The Russians had massed 32000 men on the Allied flank and headed for the 2700 man 2nd Division, commanded today by the aggressive Pennefather. Instead of falling back in the face of superior numbers, he advanced. The British had their rifles to thank this day as they took a terrible toll on the musket armed Russian Infantry, who were hemmed in by the valley’s bottle neck shape. The British 2nd Division pushed the Russians back onto their reinforcements and should have been routed by the Russians’ numbers, but the fog and the British Light Division saved them. Three successive Russian commanders were killed in this engagement.
The Russians other 15000 men approached and assailed the Sandbag Battery, but they were routed by 300 British defenders vaulting the wall, blunting the lead Battalions, who were then attacked in the flank.

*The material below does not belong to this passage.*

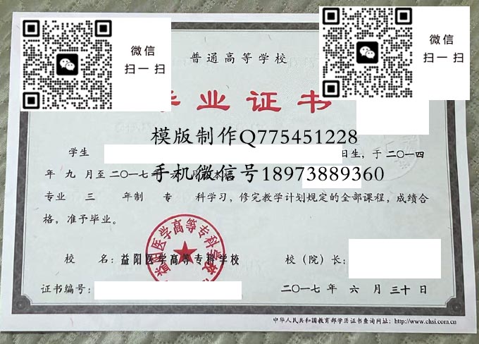 益阳医学高等专科学校历年毕业证样本
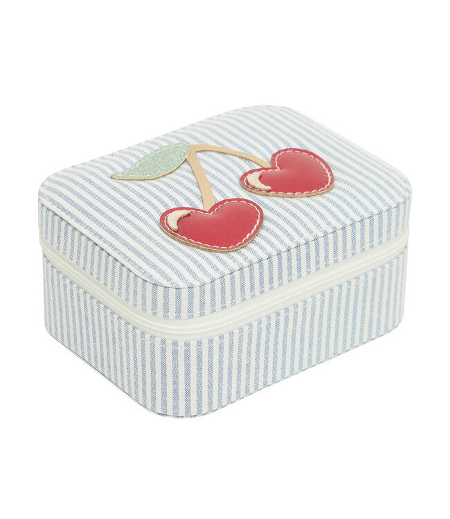 Blauw-wit gestreepte stof met kersendetails in glitter en metallic

More Russian attacks ensured the Battery exchanged hands several times.
The British 4th Division was not as lucky. Arriving on the field, its flanking move was itself flanked and its commander, Cathcart, killed. This enabled the Russians to advance, but not for long. They were soon driven off by French units arriving from their camps and made no more headway.
The battle was lost and they had to withdraw.
This was the last time the Russians tried to defeat the Allied troops in the field. Despite this reverse, however, the Russian attack had seriously stalled the Allies from capturing Sevastopol. They had to instead, spend one harsh winter on the heights overlooking the city, before it fell in September of 1855.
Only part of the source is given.